JPH09202183A - Mirror angle automatic adjustment device - Google Patents

Abstract

(57) Abstract: To provide a mirror angle automatic adjustment device capable of automatically adjusting a mirror to an optimum angle for each driver. SOLUTION: Motors 2a to 4a of mirrors 2 to 4, motors 2b to 4b, encoders 2c to 4c, and encoders 2d to 4d are connected to a control box 1 of a driver's seat. Joystick 14 in control box 1
Is operated to store and register, in the controller 11, information about optimum horizontal and vertical angles of the mirrors 2 to 4 of each driver together with information about the position of the driver's seat in the front-rear direction. By calling the registration data in the control box 1, the controller 11 drives the motor 2a.
4a and motors 2b-4b are controlled to control the mirror 2
Automatically adjust ~ 4 to the optimum angle.

Description

Detailed Description of the Invention

[0001]

BACKGROUND OF THE INVENTION 1. Field of the Invention The present invention relates to a mirror angle automatic adjusting device for automatically adjusting the angles of a car fender mirror, a door mirror, a rearview mirror, etc. to an optimum one for a driver.

[0002]

2. Description of the Related Art Although the number of private cars in Japan has increased, considering the current domestic housing situation,
The reality is that it is difficult to own one car per person due to issues such as securing parking lots. For this reason, it is not unusual for several family members to drive a car. Also, in companies,
The company's sales car is rarely assigned to each sales person, and many people use one car.

[0003]

However, in the above case, each driver sets the angle of the fender mirror, the door mirror, or the rearview mirror to the angle corresponding to his or her sitting height each time he gets in the vehicle. I had to adjust it one by one. Further, even if the position of the driver's seat is changed, the angle of the mirror has to be adjusted each time.
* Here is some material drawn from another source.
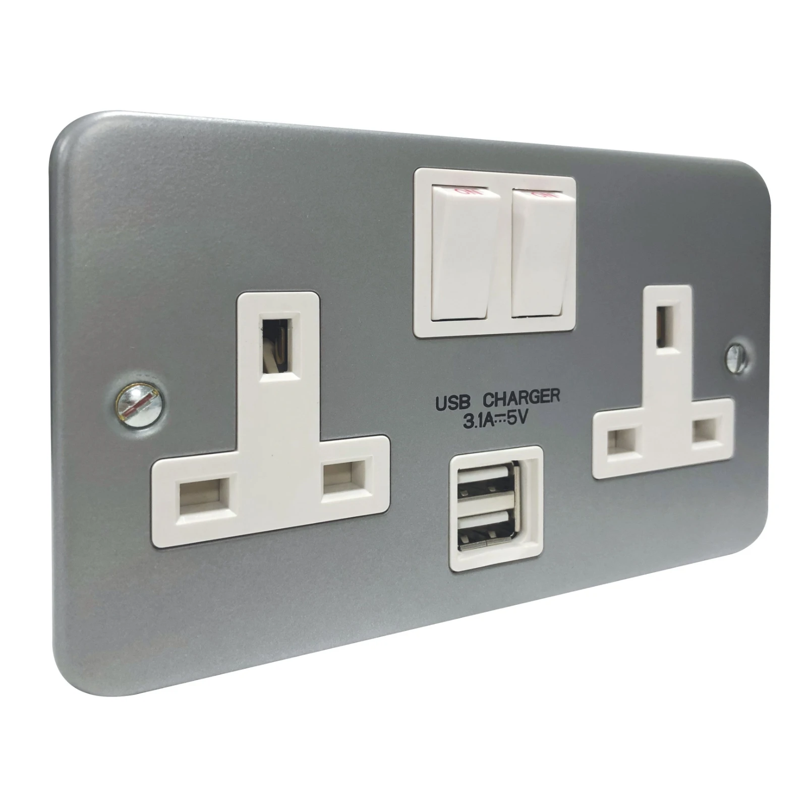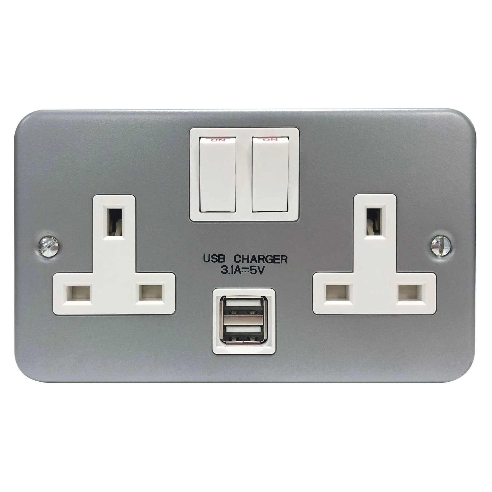 2 x USB sockets – 3.1A total output, 5V. Charges iPad, iPhone, tablets, mobiles, cameras and more – ideal for retrofit. Features a 3.1A USB socket across both ports for faster charging. · · · Tough and impact resistant grey metal clad wiring accesory c/w with surface back box · · Tested and certified by ASTA:BEAB, Intertek and HKSTC · · 20mm knockout top, bottom and sides · · Designed to fit UK standard 2 Gang accessory boxes · · Supplied with M3.5x25mm fixing screws · · Colour codes terminals and backed out and captivated screws for fast installation · · Itegrated dual USB charging capability, Charge time is dependent on the attached device(s) power requirements, and charge time may slow if both ports are used · · Positive feel switches with engraved ON indicator · · Clearly marked terminals for ease of identification · · Double pole switch to isolate appliances safely
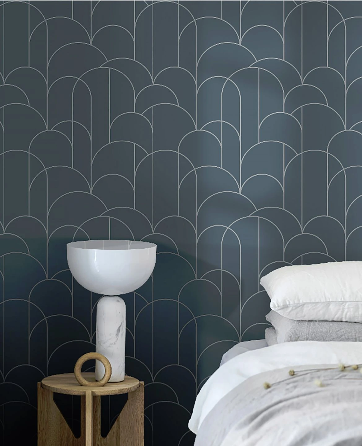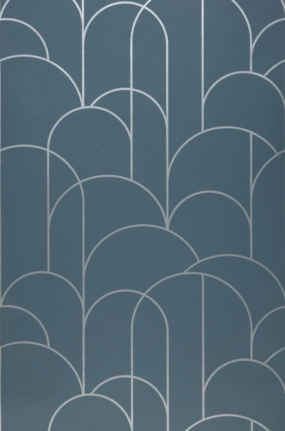 Ein ruhiges, mattes Blaugrau bildet den Hintergrund für fein umrandete, symmetrische Bögen im leicht schimmernden Farbton von Weißaluminium. Die filigranen Umrisse der Bögen beleben den dunklen Grund der Tapete auf elegante Weise ganz im Stil des Art Deco. Helle, weiße oder metallfarbene Möbel im Vintage-Look sind eine schöne Entsprechung für die hochwertige Vliestapete.

Therefore, an object of the present invention is to provide an automatic mirror angle adjusting device capable of automatically adjusting the mirror to an optimum angle for each driver.

[0005]

In order to achieve the above object, an automatic mirror angle adjusting device according to the present invention is provided with information on the optimum angle of the mirror for each driver and information on the position of the driver's seat in the front-rear direction at that time. The registration data consisting of is stored for a predetermined number of people who drive the same car, and by specifying the driver, the registration data of that driver is called and the mirror is automatically adjusted to the optimum angle of the driver. It is characterized by that.

In the automatic mirror angle adjusting device according to the present invention, the angle of the mirror is automatically corrected to an optimum angle with respect to the front-back position of the driver's seat.
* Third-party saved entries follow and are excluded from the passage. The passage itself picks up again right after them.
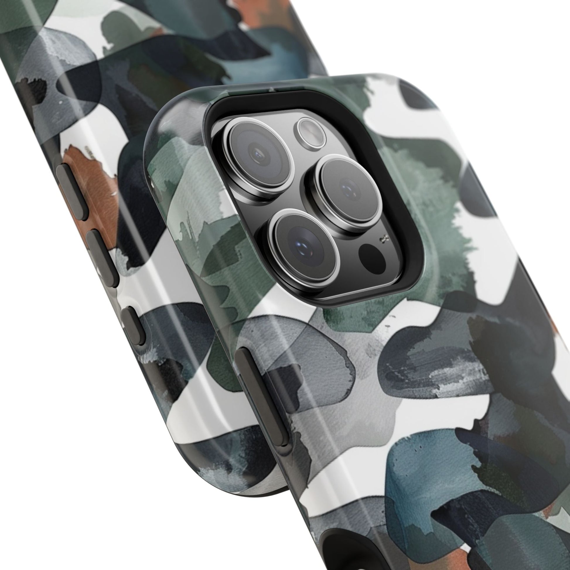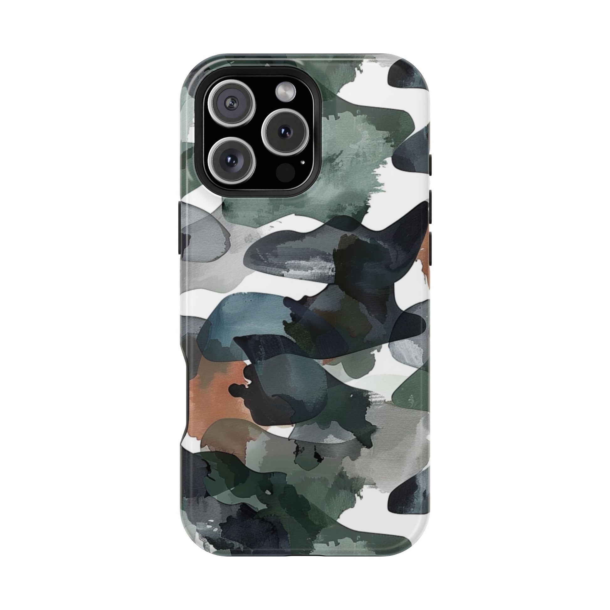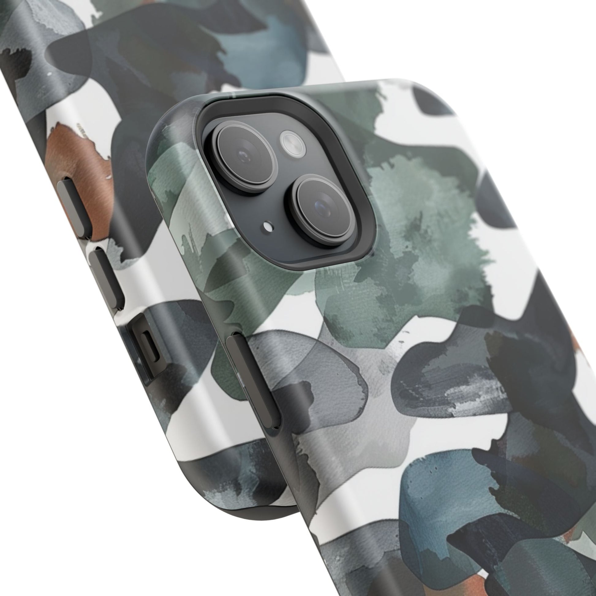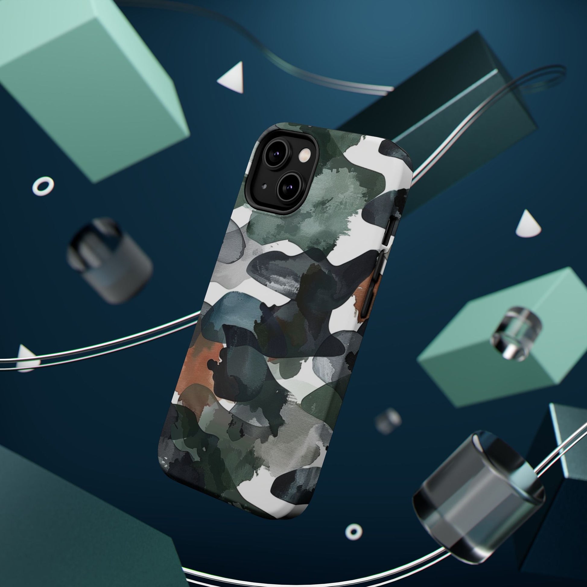 Description: Transform your iPhone into a modern masterpiece with the Moody Abstract Watercolor MagSafe Case. Featuring a stunning interplay of dark green, earthy brown, and rich charcoal tones, this case is as stylish as it is functional. Designed to work seamlessly with MagSafe technology, it ensures effortless charging while providing premium protection for your device.
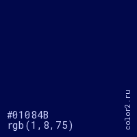 Цвет #01084B в цветовой модели RGB обозначается тремя октетами (1, 8, 75) в десятичном формате и #01084B в шестнадцатиричном (hex) формате, которые являются интенсивностью красного 1 (hex 01), интенсивность зелёного 8 (hex 08) и интенсивность синего 75 (hex 4B).
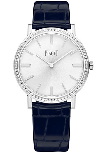 35 mm 18K white gold case set with 76 brilliant-cut diamonds (approx. 0.49 ct), 8.07 mm thick, diamond-set bezel, silvered dial, 501P automatic movement with hours, minutes, approximately 43 hours of power reserve, blue alligator strap, ardillon buckle. Water resistant to 03 ATM.
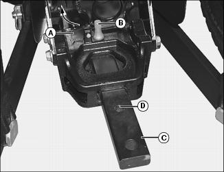c CAUTION: Avoid injury! Hitch towed loads only to the drawbar to avoid rearward upset. Do not use the safety chain for towing loads.

According to the automatic mirror angle adjusting device of the present invention configured as described above, the information on the optimum angle of the mirror for each driver is registered together with the information on the front-back position of the driver's seat at that time. Since the driver recalls his / her registered data, the mirror is automatically adjusted to the optimum angle. Further, even if the position of the driver's seat in the front-rear direction moves, the angle of the mirror is automatically corrected to the optimum angle with respect to the position of the driver's seat.

[0008]

DESCRIPTION OF THE PREFERRED EMBODIMENTS One embodiment of the present invention will be described below with reference to the drawings. FIG. 1 shows a configuration example of an automatic mirror angle adjusting device according to an embodiment of the present invention.

As shown in FIG. 1, in the mirror angle automatic adjusting apparatus according to this embodiment, a control box 1 provided in a driver's seat of one car has a fender mirror 2, 3, a rearview mirror 4 and a driver's seat. Sheet 5 is connected. Information on the angles of the mirrors 2 to 4 for a predetermined number of people driving the vehicle is registered in the memory in the control box 1 together with the information on the position of the seat 5 in the front-rear direction. By simply performing a switch operation to select who is a registered driver, the registered information is automatically called and the angles of the mirrors 2 to 4 are automatically adjusted to the optimum one.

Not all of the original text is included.